Stored records

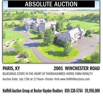 ABSOLUTE AUCTION PARIS, KY 2001 WINCHESTER ROAD BLUEGRASSESTATEINTHE HEART OF THOROUGHBRED HORSE FARM ROYALTY! Auction Date: July 13th at 12 Noon--Onsite--Visitwww.HalfhillAuctions.com HalfhillAuctionGroup at Rector Hayden Realtors 859-338-5764 $9,950,000
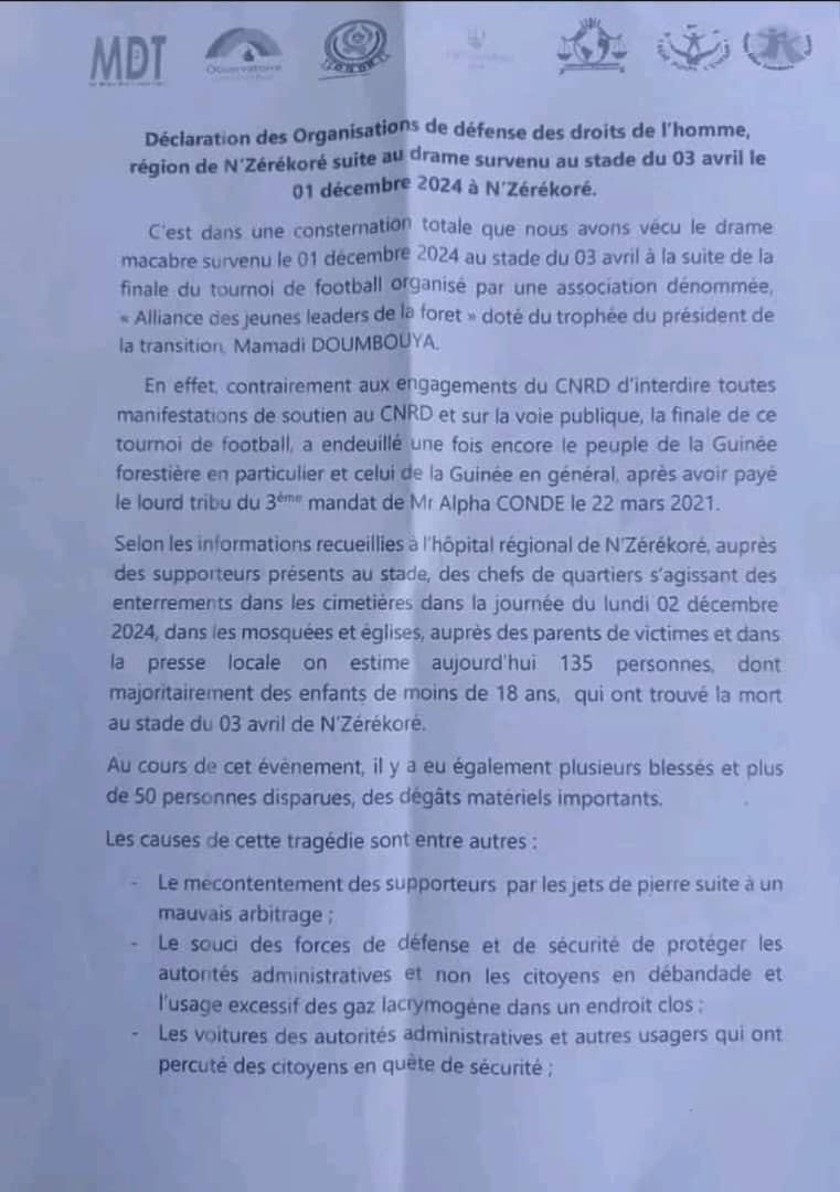 Suite à la tragédie survenue lors de la finale d’un tournoi de football organisé au stade du 03 avril à N’Zérékoré, qui a causé la mort de 135 personnes, principalement des enfants, les organisations de défense des droits de l’ homme de la région pointe du doigt les organisateurs et le CNRD. Elles réclament des enquêtes judiciaires et appellent à la retenue pour préserver la cohésion sociale.
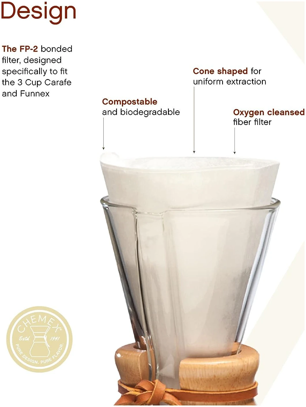 CHEMEX Bonded™-filtre er basert på laboratoriekvalitetspapir og designet spesielt for å fjerne urenheter, og etterlater kun koffein og ønskelige aromatiske oljer.
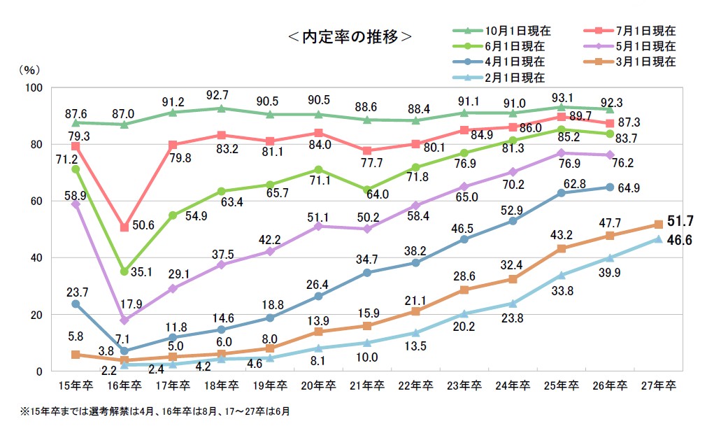 ○内定率は51.7%。広報解禁のタイミングで5割を上回るのは初めて
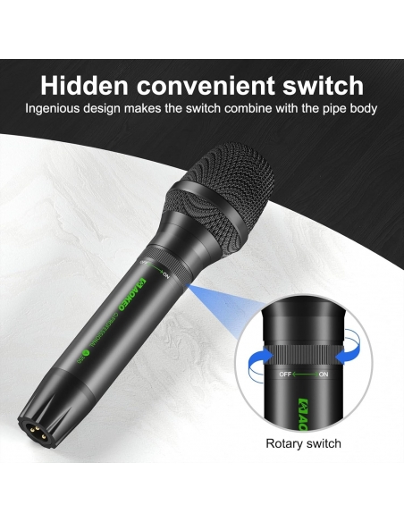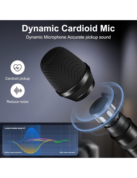 - Durata eccezionale: tutte le parti del microfono sono realizzate in una lega robusta, che può essere tranquillamente lasciata cadere da un'altezza di 2 metri. Progettati per resistere alle esigenze delle esibizioni dal vivo, i nostri robusti microfoni portatili sono costruiti per durare. Possono resistere ai rigori dell'uso regolare e fornire prestazioni costanti ovunque.
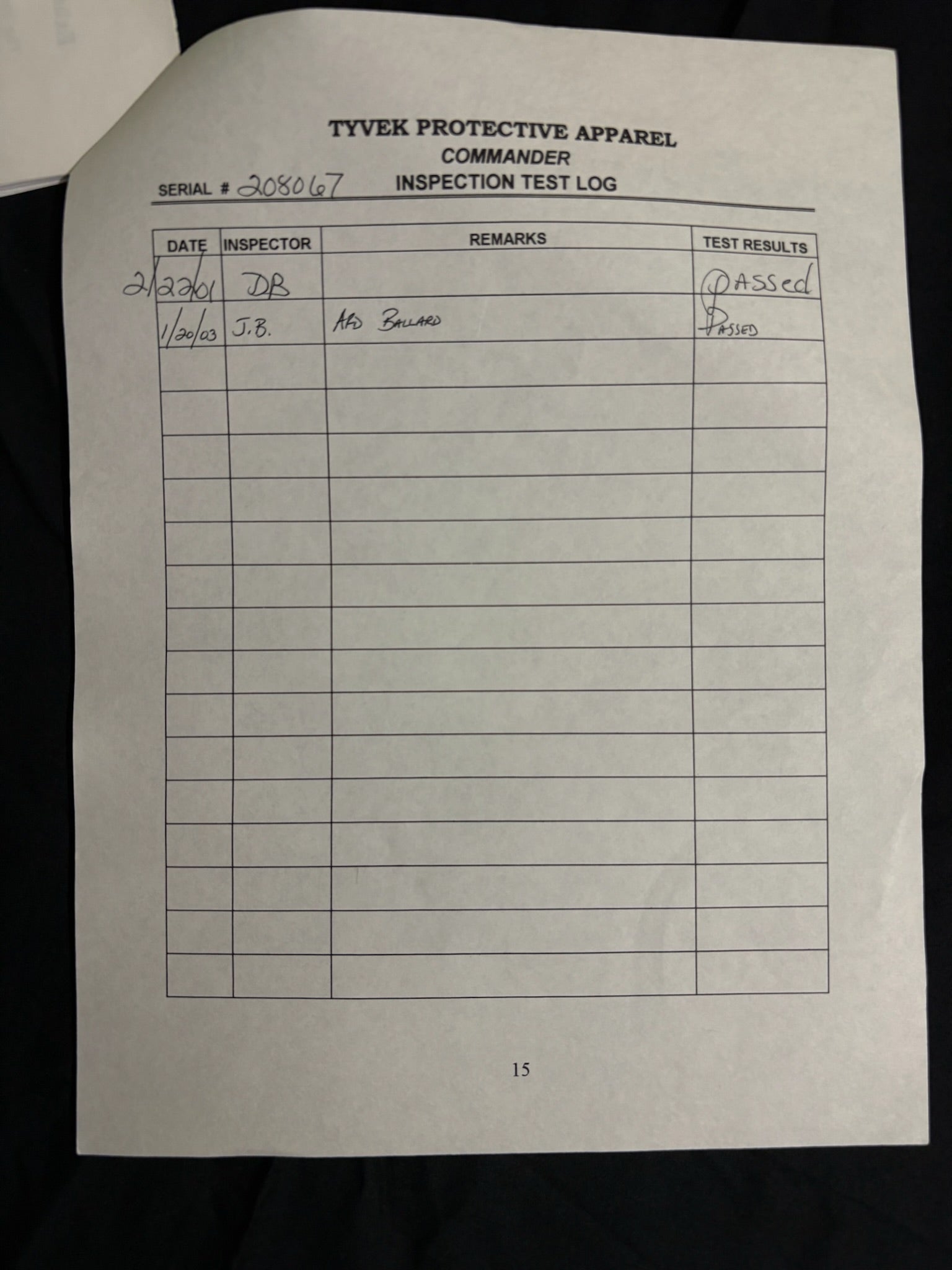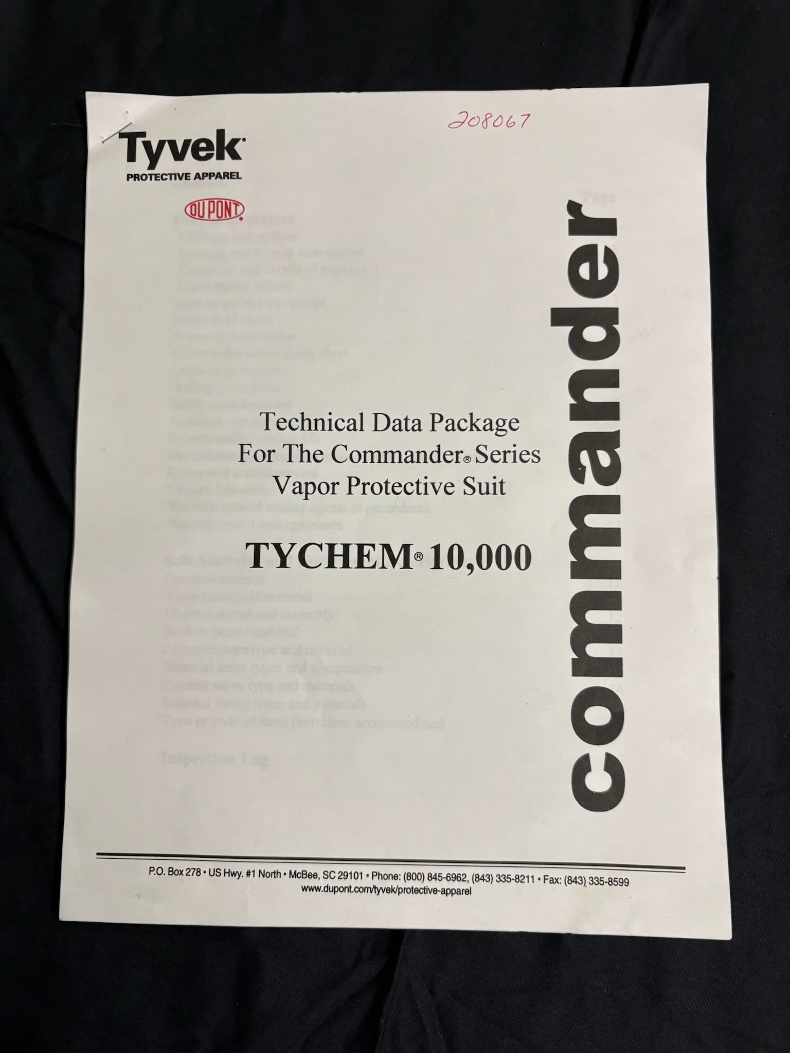 This suit is “New Old Stock”. It was manufactured in 2001. It is brand new, never used. The last pressure test was done in 2003. A pressured seal test must be performed before the suit is used for Hazmat. There are some very light discoloration spots on the face shield, as shown in the pictures.

• _Required work_: The data above must be written out again word for word, without its pictures.

• _Result for this exercise_:
 ABSOLUTE AUCTION PARIS, KY 2001 WINCHESTER ROAD BLUEGRASSESTATEINTHE HEART OF THOROUGHBRED HORSE FARM ROYALTY! Auction Date: July 13th at 12 Noon--Onsite--Visitwww.HalfhillAuctions.com HalfhillAuctionGroup at Rector Hayden Realtors 859-338-5764 $9,950,000
 Suite à la tragédie survenue lors de la finale d’un tournoi de football organisé au stade du 03 avril à N’Zérékoré, qui a causé la mort de 135 personnes, principalement des enfants, les organisations de défense des droits de l’ homme de la région pointe du doigt les organisateurs et le CNRD. Elles réclament des enquêtes judiciaires et appellent à la retenue pour préserver la cohésion sociale.
 CHEMEX Bonded™-filtre er basert på laboratoriekvalitetspapir og designet spesielt for å fjerne urenheter, og etterlater kun koffein og ønskelige aromatiske oljer.
 ○内定率は51.7%。広報解禁のタイミングで5割を上回るのは初めて
 - Durata eccezionale: tutte le parti del microfono sono realizzate in una lega robusta, che può essere tranquillamente lasciata cadere da un'altezza di 2 metri. Progettati per resistere alle esigenze delle esibizioni dal vivo, i nostri robusti microfoni portatili sono costruiti per durare. Possono resistere ai rigori dell'uso regolare e fornire prestazioni costanti ovunque.
 This suit is “New Old Stock”. It was manufactured in 2001. It is brand new, never used. The last pressure test was done in 2003. A pressured seal test must be performed before the suit is used for Hazmat. There are some very light discoloration spots on the face shield, as shown in the pictures.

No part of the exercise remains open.